Step 1: Add the dockerize tool to your application Dockerfile
Example of Dockerfile using the alpine
image:
FROM alpine:latest
# Add hello scripts
ADD sayhello /sayhello
RUN chmod +x /sayhello
# Add dockerize tool -------------------
RUN apk add --no-cache openssl
ENV DOCKERIZE_VERSION v0.6.1
RUN wget https://github.com/jwilder/dockerize/releases/download/$DOCKERIZE_VERSION/dockerize-alpine-linux-amd64-$DOCKERIZE_VERSION.tar.gz \
&& tar -C /usr/local/bin -xzvf dockerize-alpine-linux-amd64-$DOCKERIZE_VERSION.tar.gz \
&& rm dockerize-alpine-linux-amd64-$DOCKERIZE_VERSION.tar.gz
CMD ["/sayhello"]
Use this for Ubuntu image:
# Add dockerize tool -------------------
RUN apt-get update && apt-get install -y wget
ENV DOCKERIZE_VERSION v0.6.1
RUN wget https://github.com/jwilder/dockerize/releases/download/$DOCKERIZE_VERSION/dockerize-linux-amd64-$DOCKERIZE_VERSION.tar.gz \
&& tar -C /usr/local/bin -xzvf dockerize-linux-amd64-$DOCKERIZE_VERSION.tar.gz \
&& rm dockerize-linux-amd64-$DOCKERIZE_VERSION.tar.gz
Step 2: Modify your docker-compose.yml file
version: '3.6'
services:
mysql:
image: "mysql:5.7"
container_name: mysql
restart: always
volumes:
- ./mysql:/var/lib/mysql
environment:
- MYSQL_ROOT_PASSWORD=your_password
- MYSQL_USER=root
- MYSQL_PASSWORD=your_password
- MYSQL_DATABASE=wordpress
ports:
- "3306:3306"
expose:
- 3306
my_super_app:
build: ./my_super_app
image: "my_super_app:latest"
container_name: my_supper_app
depends_on:
- mysql
command: sh -c "dockerize -wait tcp://mysql:3306 -timeout 300s -wait-retry-interval 30s /sayhello"
In essence, Dockerize is a wrapper. dockerize our_normal_command
just calls our command.
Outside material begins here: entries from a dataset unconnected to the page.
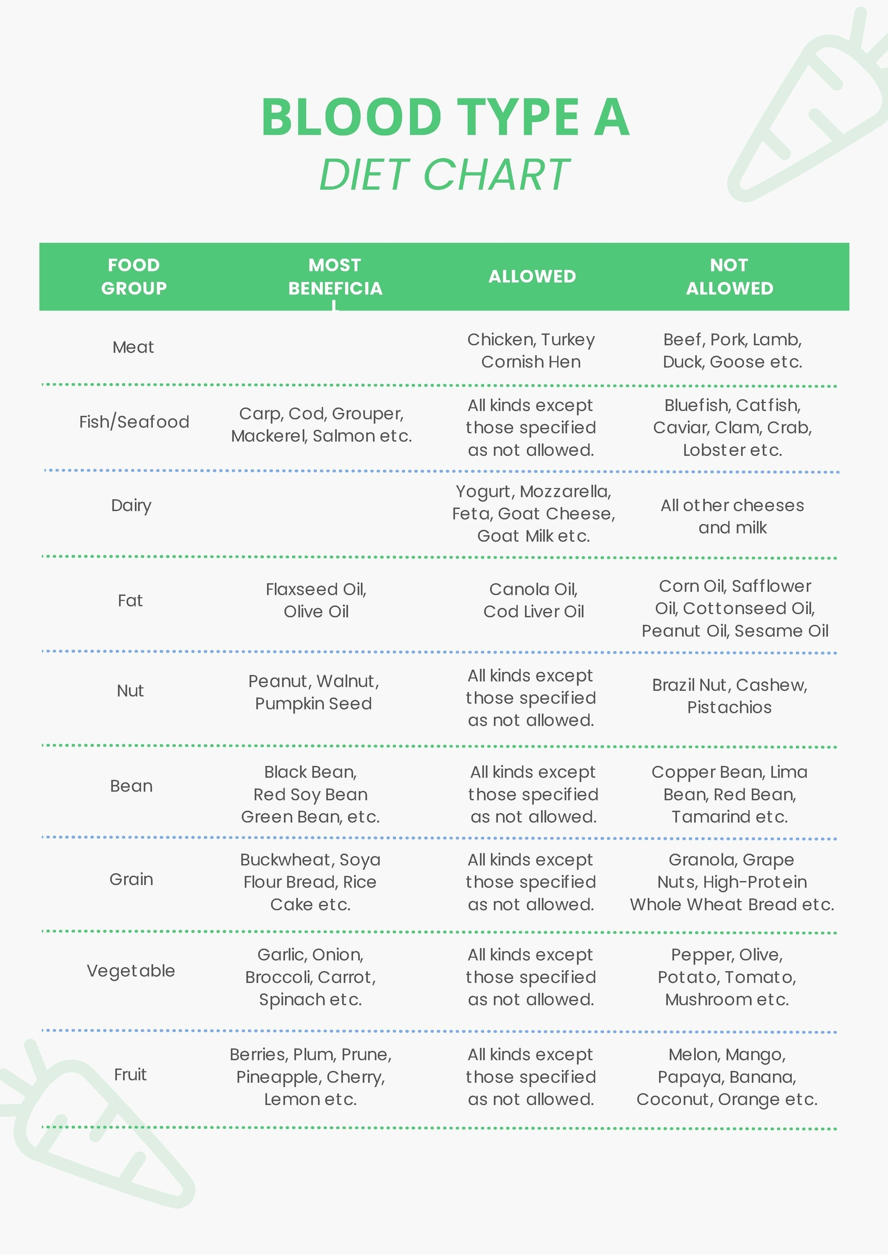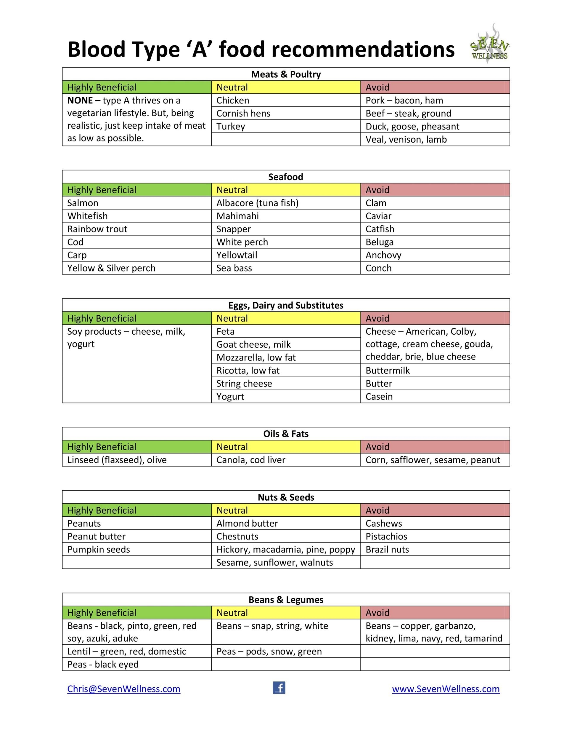 Blood Type A Diet Chart In PDF Download Template
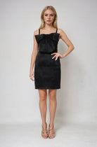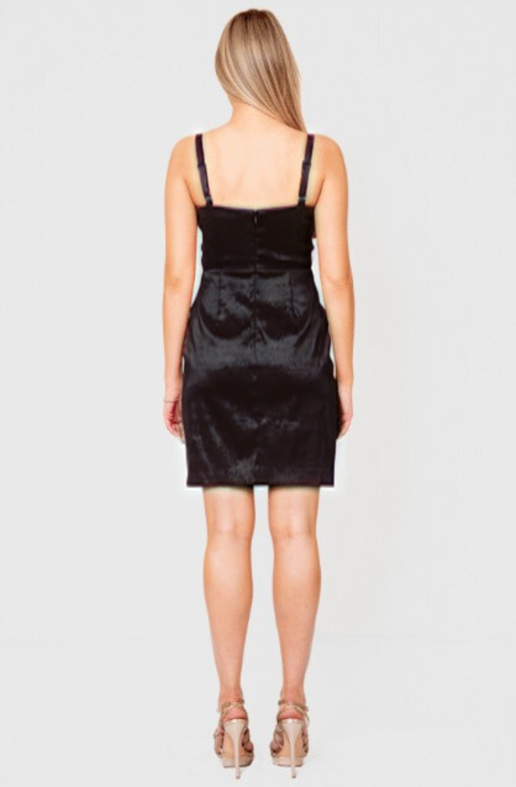 This mini dress is effortlessly chic with a playful twist. The black color is sleek and versatile, while the bow detail adds a touch of fun. Perfect for any occasion, this dress will make you stand out with its unique design.
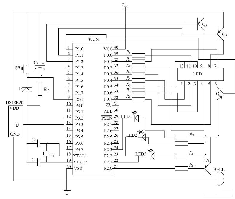 包括信號(hào)采集、系統(tǒng)控制、數(shù)字顯示、高溫報(bào)警四個(gè)部分。傳感器DS18B20 為信號(hào)采集器件所采集到的溫度信號(hào),通過內(nèi)部處理由傳感器的DQ 端送到單片機(jī)P3. 2 端口,經(jīng)單片機(jī)的計(jì)算處理后,由P0 口和P1 口分別作為4 位共陽數(shù)碼管的段控信號(hào)和位控信號(hào),共同完成對(duì)所測溫度值的數(shù)字顯示,最高位是符號(hào)顯示,如顯示負(fù)號(hào)“-”時(shí),表示當(dāng)前溫度是負(fù)溫度,否則為正溫度;由P2. 0 端口控制蜂鳴器,當(dāng)測量的溫度超過“預(yù)設(shè)報(bào)警溫度”時(shí),發(fā)出提示音報(bào)警; P2. 1~ P2. 3 端口來控制黃、綠、紅3 個(gè)發(fā)光二極管分別表示低溫、正常、高溫三種溫度狀態(tài)。石英晶體JT 和電容C2 ,C3 共同組成晶振電路; 電容C1 、電阻R 13、S B 共同構(gòu)成復(fù)位電路; 其中電阻R13為下拉電阻,SB 為手動(dòng)復(fù)位按鈕。
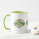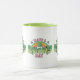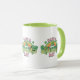 Ett mugg med en S:t Patricks Dag-bild. En retro grunge stil-design som säger: Ha en turdag. Med en färgstark regnbåge bakom sig. Ord skrivet i en tjock rundad reflex stil vibe. Rosa och grönt färg.
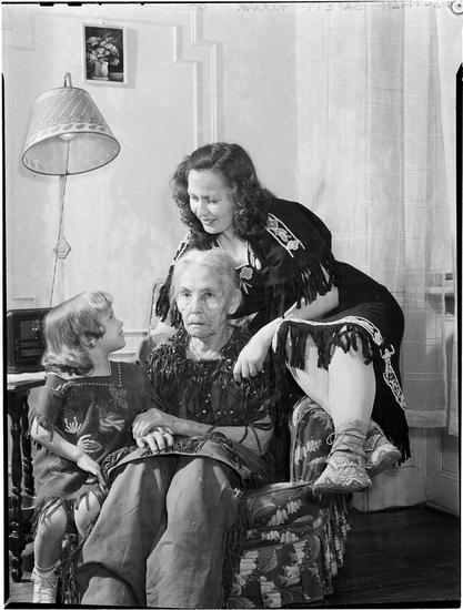 [Woman braiding a girl's hair as a younger girl holds a doll.]

But optionally, we can add parameters to delay execution, perform file templating or redirect output from files to STDOUT/STDERR. Very common and useful operations in a Docker world.
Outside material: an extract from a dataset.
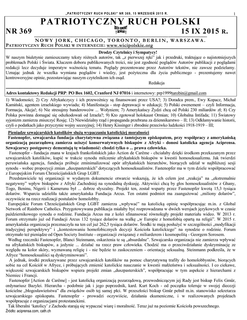 „PATRIOTYCZNY RUCH POLSKI” NR 369, 15 WRZESIEŃ 2015 R. 1 PATRIOTYCZNY RUCH POLSKI NR 369 15 IX 2015 R . ----------------------------------------------------------------------------------------------------------------------------------------------------------------- NOWY JORK, CHICAGO, TORONTO, BERLIN, WARSZAWA. P ATRIOTYCZNY R UCH P OLSKI W INTERNECIE : www.wicipolskie.org Drodzy Czytelnicy i Sympatycy! W naszym biuletynie zamieszczamy teksty różnych autorów, tak „z pierwszej ręki” jak i przedruki, traktujące o najistotniejszych problemach Polski i Świata. Kluczem doboru publikowanych treści, nie jest zgodność poglądów Autorów publikacji z poglądami redakcji lecz decyduje imperatyw ważnością tematu. Poglądy prezentowane przez Autorów tekstów, nie zawsze podzielamy. Uznając jednak że wszelka wymiana poglądów i wiedzy, jest pożyteczna dla życia publicznego - prezentujemy nawet kontrowersyjne opinie, pozostawiając naszym czytelnikom ich osąd. Redakcja ----------------------------------------------------------------------------------------------------------------------------Adres kontaktowy Redakcji PRP: PO Box 1602, Cranford NJ 07016 i internetowy: [email protected] 1) Wiadomości; 2) Czy Afrykańczycy i ich przewoźnicy są finansowani przez USA?; 3) Doradca prem., Ewy Kopacz, Michał Kamiński, agentem izraelskiego wywiadu; 4) Manifestacja - stop deprawacji w edukacji; 5) Polski ewenement – czyli Informacja, Formacja, Akcja!; 6) Nie stresujmy banderowców ... Wołyniem; 7) Amerykańscy Żydzi chcą od Polski 230 miliardów zł; 8) Czy Polska powinna domagać się odszkodowań od Izraela?; 9) Kto zgotował holokaust Ormian; 10) Globalna Intifada; 11) Światowy syjonizm zamierza zniszczyć Rosję; 12) Niewidzialny rząd i propaganda przebrana za dziennikarstwo – II; 13) Odkłamywanie historii, czyli o podatkach jako przyczynie wojny secesyjnej; 14) Henry Kissinger i zbrodnie przeciwko ludzkości 1918-1919 – III; ------------------------------------------------------------------------------------------------------------------------------------------------------------------------------------------------------------------------------------------------------------------------------------------------------------------------------------------------------------------------------------------------------------------ Pieniądze szwajcarskich katolików służą wypaczaniu katolickiej moralności Fastenopfer, szwajcarska fundacja charytatywna związana z tamtejszym episkopatem, przy współpracy z amerykańską organizacją pozarządową zamierza uciszyć konserwatywnych biskupów z Afryki - donosi katolicka agencja Aciprensa. Szwajcarscy postępowcy dementują tę wiadomość: chodzi tylko o ... prawa człowieka. Fastenopfer - fundacja znana w krajach frankofońskich jako Action de Carême - chciałaby dzięki środkom przekazanym przez szwajcarskich katolików, kupić w trakcie synodu milczenie afrykańskich biskupów w kwestii homoseksualizmu. Jak twierdzi peruwiańska agencja, fundacja próbuje zminimalizować opór afrykańskich hierarchów, biorących udział w najbliższej sesji synodu - wobec propozycji zmian „duszpasterskich” dotyczących homoseksualistów. Fastenopfer ma w tym dziele współpracować z Europejskim Forum Chrześcijańskich Grup LGBT. Przedstawiciele tej organizacji w wydanym dokumencie otwarcie wskazują, że ich celem jest „reakcja” na „ekstremalnie negatywny” wpływ biskupów z Afryki Zachodniej na synodalną dyskusję. Aktywiści chcą by głos homoseksualistów z Ghany, Togo, Beninu, Nigerii i Kamerunu był ... dobrze słyszalny. Projekt ten, został wsparty przez Fastenopfer kwotą 15,3 tysiąca dolarów. Wsparcia udzieliła także amerykańska Fundacja Arcus. Ten ostatni podmiot ma zaangażować „miliony dolarów”, oczywiście na rzecz realizacji postulatów homolobby. Europejskie Forum Chrześcijańskich Grup LGBT zamierza „wpływać” na katolicką opinię współpracując m.in. z Global Network of Rainbow Catholics. Przygotowywana publikacja miałaby być rozprowadzana w dwóch wersjach językowych w czasie październikowego synodu o rodzinie. Fundacja Arcus ma z kolei sfinansować równoległy projekt materiału wideo. W 2013 r. Forum otrzymało już od Fundacji Arcus 132 tysiące dolarów na walkę „w Europie z homofobią opartą na religii”. W 2015 r. amerykańska organizacja przeznaczyła na ten cel już 262,5 tysiąca dolarów. Środki te mają posłużyć w szczególności „modyfikacji tradycyjnej perspektywy” i „kontestowaniu homofobicznych decyzji Kościoła katolickiego” na synodzie o rodzinie. Forum otrzymało też pieniądze od Open Society Institute - organizacji związanej z miliarderem i kosmopolitą - Georgem Sorosem. Według rzeczniki Fastenopfer, Blanci Steinmann, oskarżenia te są „absurdalne”. Szwajcarska organizacja nie zamierza wpływać na afrykańskich biskupów, a jedynie ... działać na rzecz praw człowieka. Chodzić ma o przeciwdziałanie dyskryminację ze względu na kolor skóry, wyznawaną religię i - nie będzie to zaskoczeniem - orientację seksualną. Steinmann podkreśla, że w Afryce “homoseksualiści są dyskryminowani”. A jednak, środki przekazywane przez szwajcarskich katolików na pomoc charytatywną trafiły do homolobbystów, biorących sobie na cel Kościół w Afryce, i próbujących zmienić katolickie nauczanie w kwestii małżeństwa i seksualności. I co ciekawe, większość szwajcarskich biskupów wspiera projekt zmian „duszpasterskich”, współpracując w tym aspekcie z hierarchami z Niemiec i Francji. Fastenopfer [Action de Carême] - jest katolicką organizacją pozarządową, przewodniczącym jej Rady jest biskup Felix Gmür, ordynariusz Bazylei. Hierarcha - podobnie jak i jego poprzednik, kard. Kurt Koch - od początku toleruje w swojej diecezji kościelne „błogosławieństwa” dla związków osób tej samej płci. W przes

Examples of optional dockerize configurations:
# redirect files to stdout and stderr
dockerize \
-stdout info.log \
-stdout perf.log \
...
# wait for 2 services with 10s timeout
dockerize \
-wait tcp://db:5432 \
-wait http://web:80 \
-timeout 10s \
...
# template option
dockerize \
-template nginx.tmpl:nginx.conf \
...
Step 3: Building and running your app
# Building your app
cd docker-compose-wait-for-container/ex02-using-dockerize-tool
docker-compose build
# Running your app
docker-compose run my_super_app
Console log output:
After typing your name, you will see a congratulation message from my_super_app
Step 4: Stopping containers and cleaning
docker-compose down
rm -rf mysql
Summary
This article describes how to make docker-compose wait for container dependencies using the dockerize tool.